Acet: Bildung hat Priorität
Der türkische Botschafter Ali Ahmet Acet hat sich über seine Gespräch mit der hessischen Regierung positiv geäußert. Laut einem Bericht der HÜRRIYET sei man einig gewesen, dass die Integration türkischstämmiger Bürger vorangebracht werden müsse. Die Bildungsarbeit habe hierbei Priorität. Acet rief zudem die türkischstämmigen Eltern dazu auf, ihre Kinder in Bildungsfragen zu fördern. TÜRKIYE berichtet, dass Acet auch den islamischen Religionsunterricht besprochen haben.

Böhmer: Deutschland akzeptiert seine türkischstämmigen Zuwanderer
Böhmer habe laut TÜRKIYE während seiner Türkei-Reise betont, dass Deutschland die türkischstämmigen Zuwanderer als Bürger akzeptiert. „Die Türken gehören zu uns“ habe Böhmer laut ZAMAN wörtlich gesagt.
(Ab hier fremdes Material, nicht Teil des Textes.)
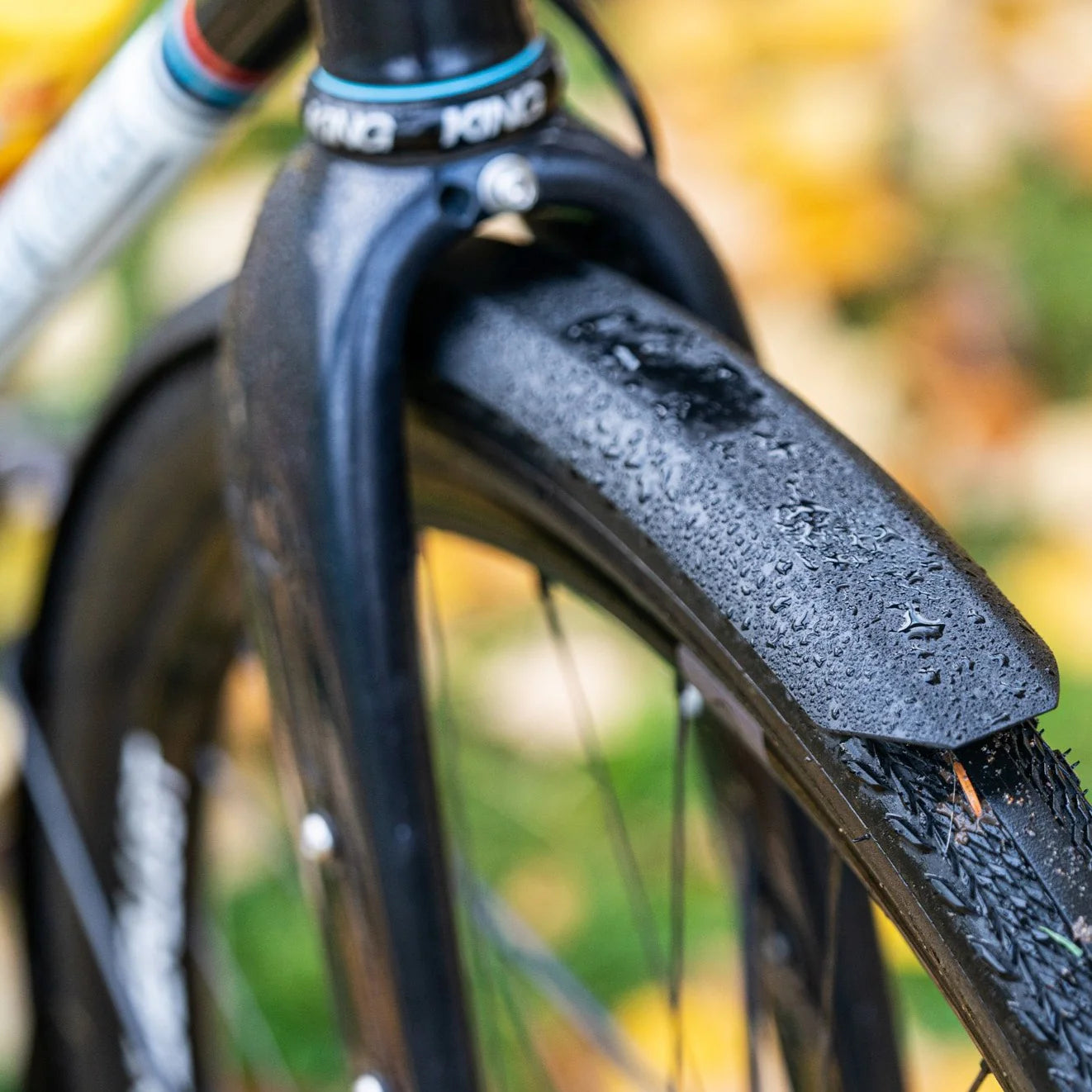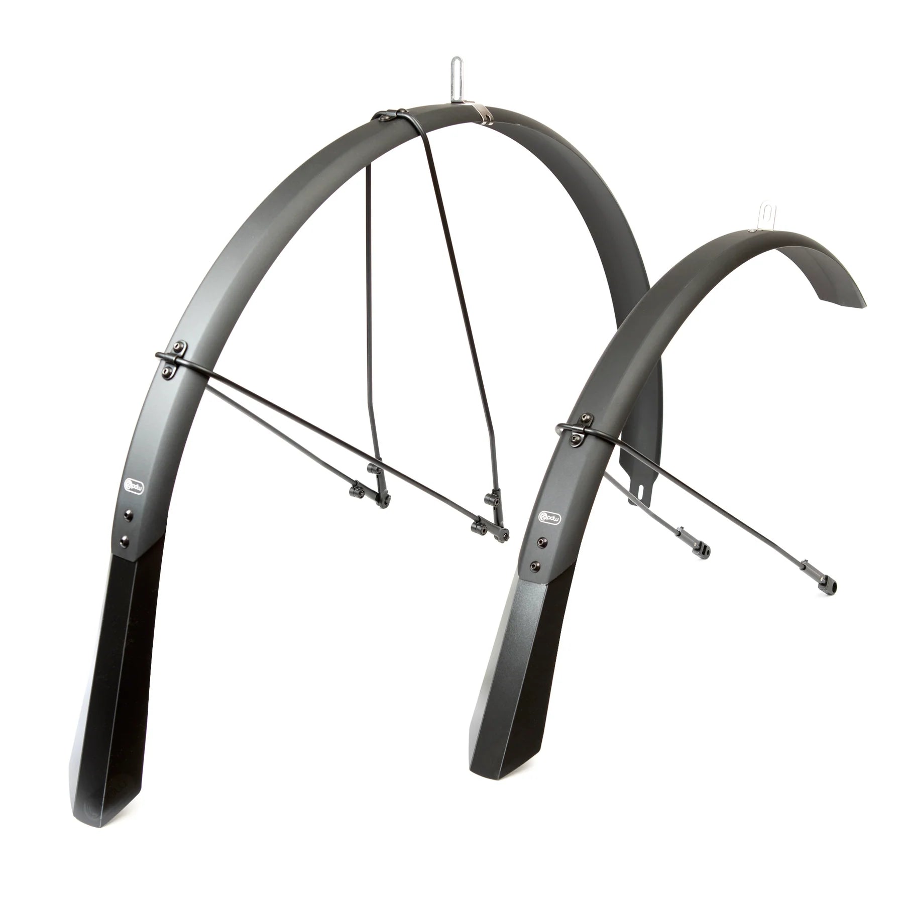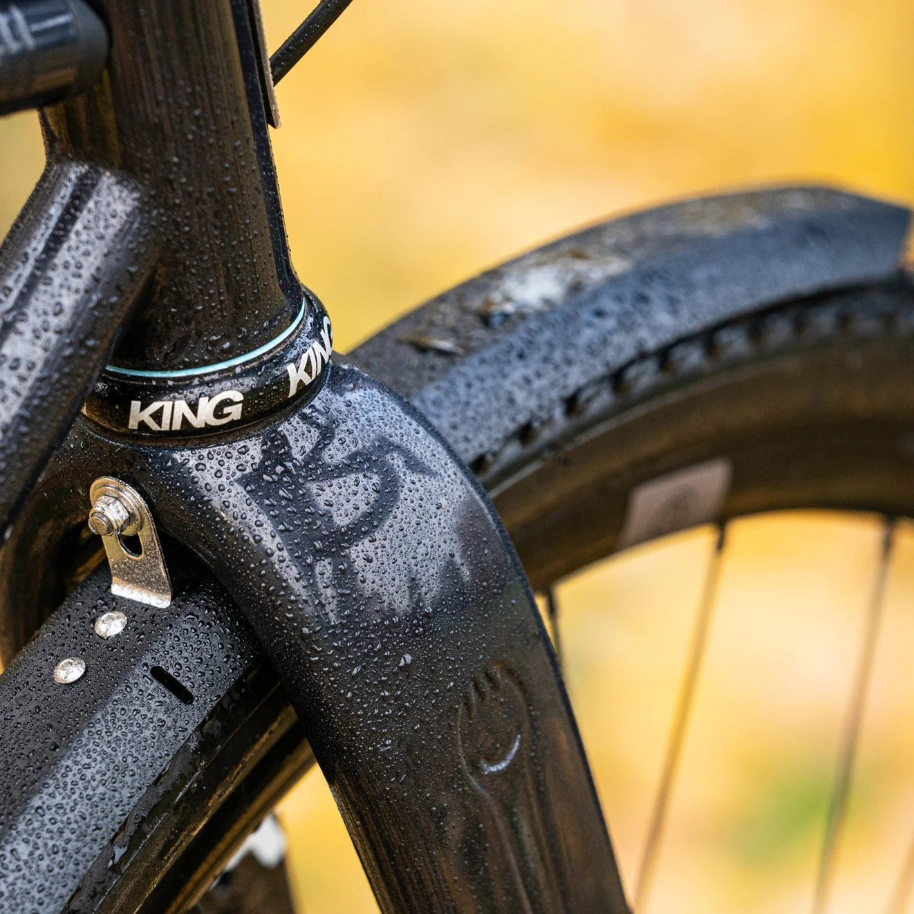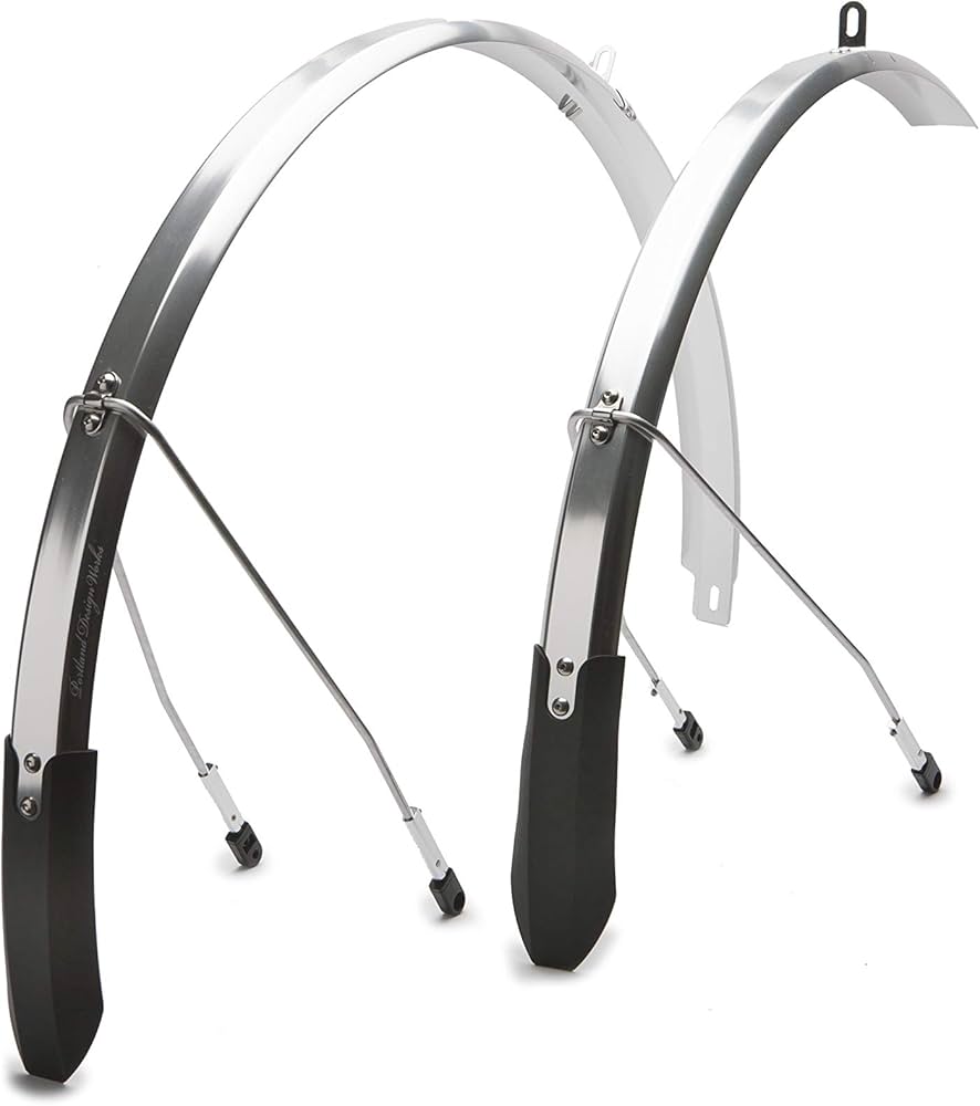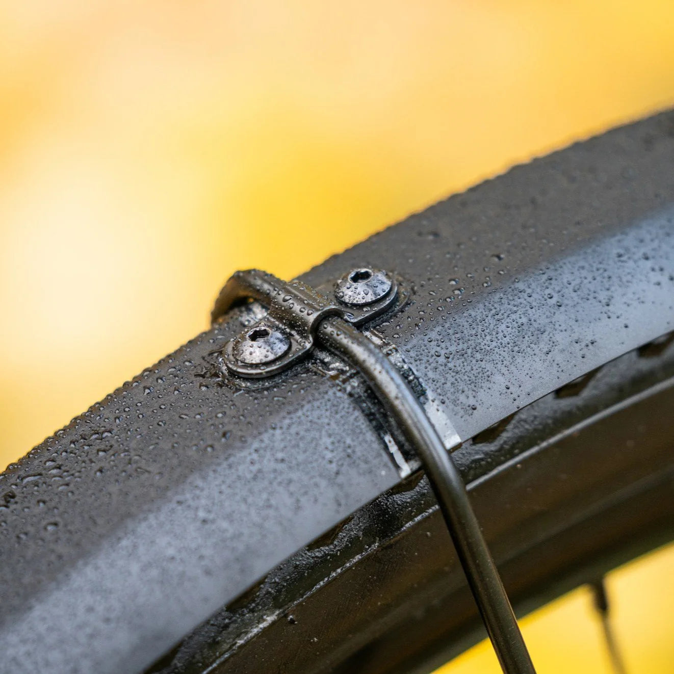 頑丈なアルマイト加工されたアルミニウム製で、レーザーエッチングされたグラフィックが施されています。700x55mmのフルメタルフェンダーは、最大700x47mmのタイヤが装着可能なクリアランスを持つ自転車に適合します。ダブルリアステーで確実にフェンダーを保持するため、大きなタイヤサイズでも安定性を増し、ガタつきを防ぎます。
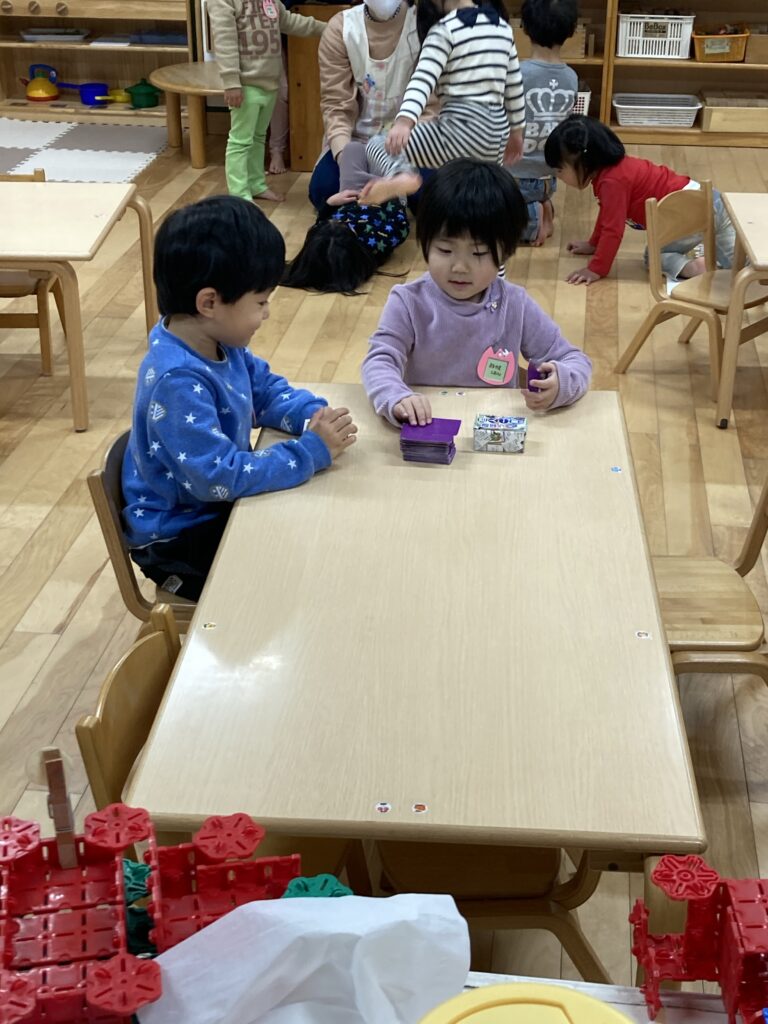 お迎えに行くと、楽しく2人で坊主めくりの真っ最中、10分程教室内で立たされていました。
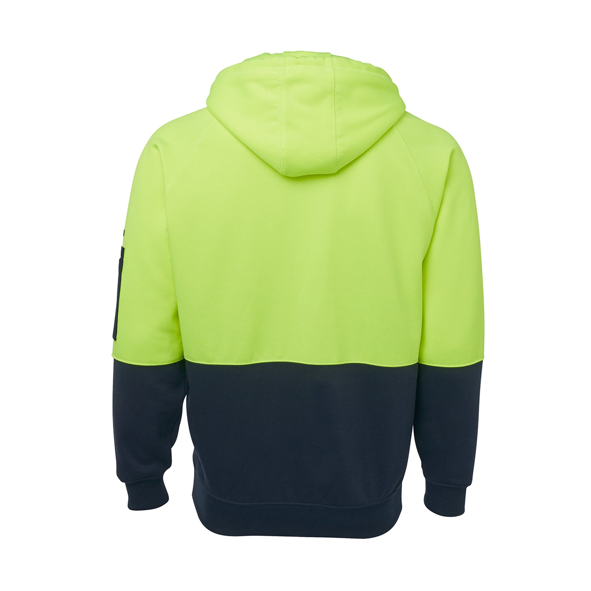 JB's Wear Hi-Vis Full Zip Fleecy Hoodie delivers a classic fit with 80% polyester for durability and 20% cotton for comfort. Made from 280gsm fleece, it features contrast panels, ribbed sleeve cuffs, a drawcord hood, and plenty of storage with two front pockets and a pen pocket on the sleeve.
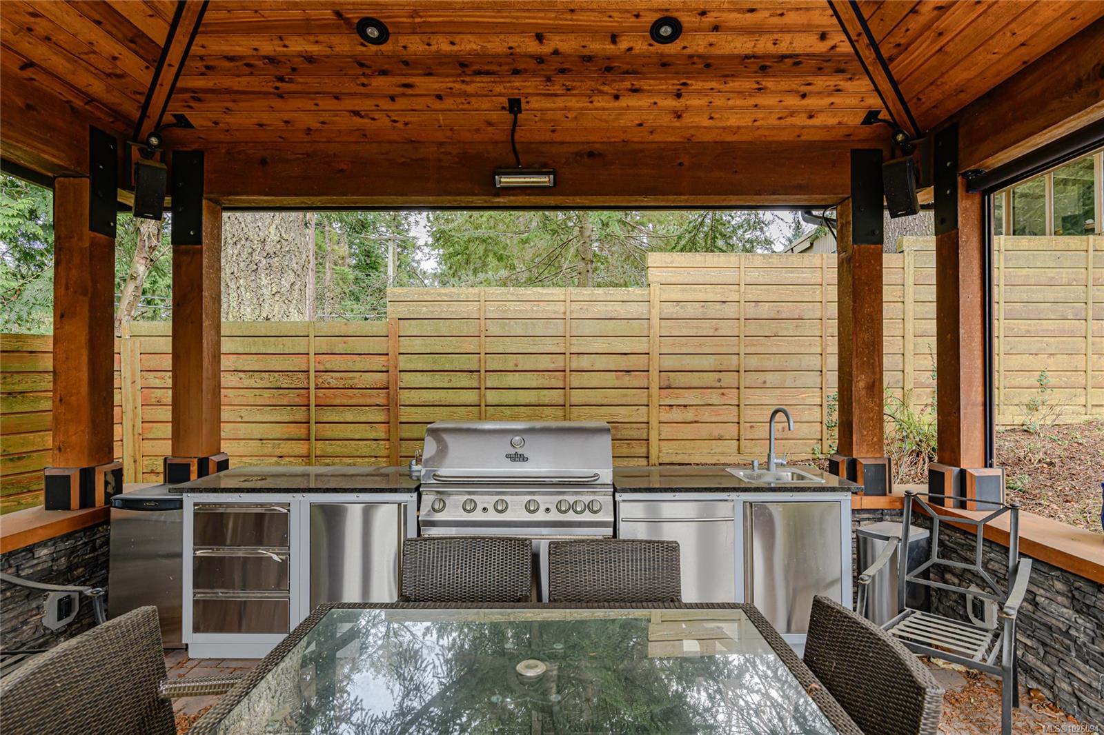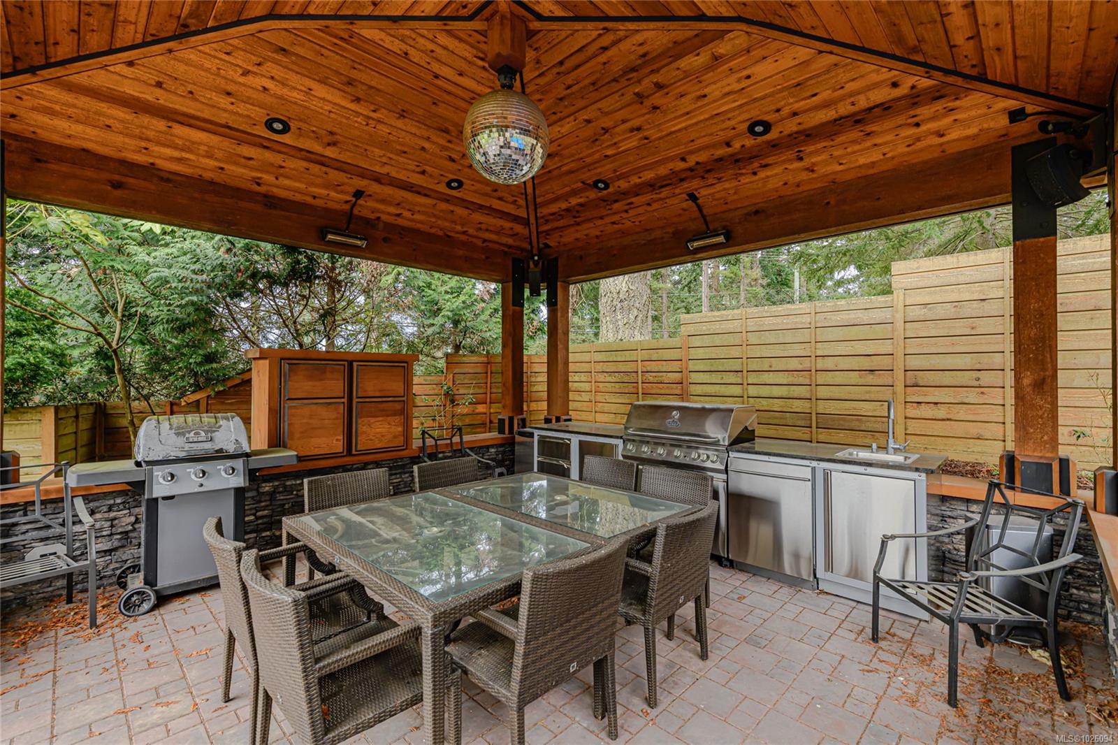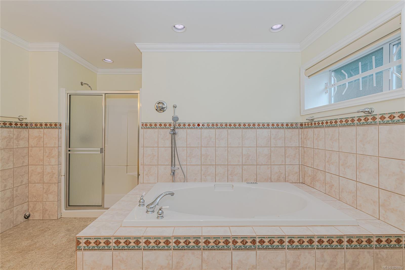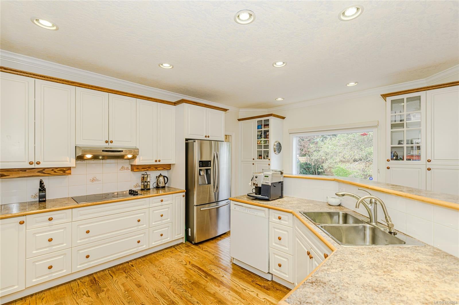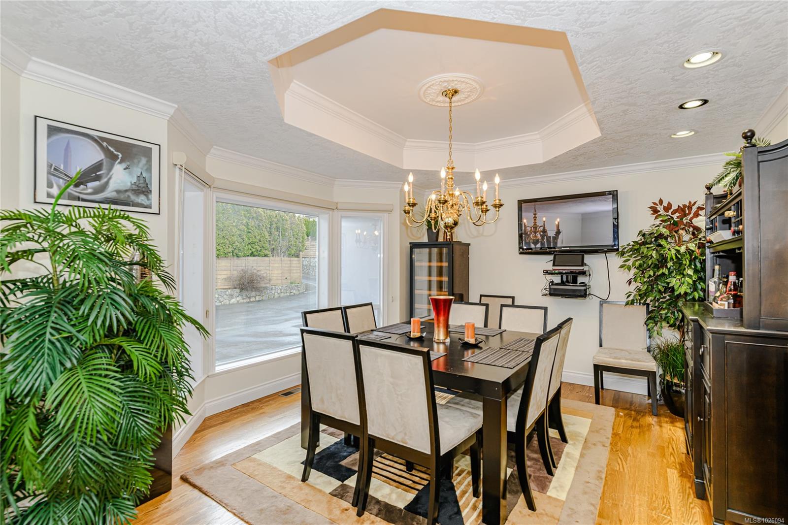 This special custom residence offers approximately 6,400 sq. ft. of living space, including a spacious 3–4 bedroom suite on the lower level, and is set on a very private, secluded half-acre in the heart of Gordon Head. Just moments from Arbutus Cove, the home enjoys distant ocean views from principal living areas overlooking beautifully landscaped gardens with a koi pond and custom gazebo—perfect for entertaining and summer BBQs. From the moment you enter, the scale and drama of the floor plan are evident. Highlights include 14-ft ceilings, floor-to-ceiling windows, skylights, hardwood floors, French doors, and an impressive grand living room and great room designed for both family living and entertaining. A private, secure setting close to UVic, top schools, parks, and beaches.

Bezüglich des Hausbrands in Ludwigshafen erklärte Böhmer, dass sie den Tod der neun Türken sehr bedauert und gleichermaßen wie seine türkischen Kollegen zutiefst betroffen ist.

Sonderschulproblematik: Benachteiligung türkischer Schülerinnen und Schüler
ZAMAN diskutiert in ihrer heutigen Ausgabe die Sonderschulproblematik von Migrantenkindern in Deutschland. Zu viele türkischstämmige Kinder würden ohne hinreichen Grund in Sonderschulen verwiesen. Die erste weibliche und einzige türkische Stand-up-Comedian in Deutschland, Senay Duzcu, erklärte, dass sie von ihren Grundschullehrern eine Sonderschulempfehlung erhalten habe. Ihre Eltern seien dem nicht gefolgt. Senay habe erfolgreich studiert.

Einbürgerungszahlen in Berlin sind rückläufig
Die Zahl der Einbürgerungen hat in Berlin abgenommen. Im Vergleich zu 2007 liege der Rückgang bei 11,3 % und im Vergleich zu 2008 bei 12,7 %. MILLIYET beruft sich dabei auf die Bild-Zeitung.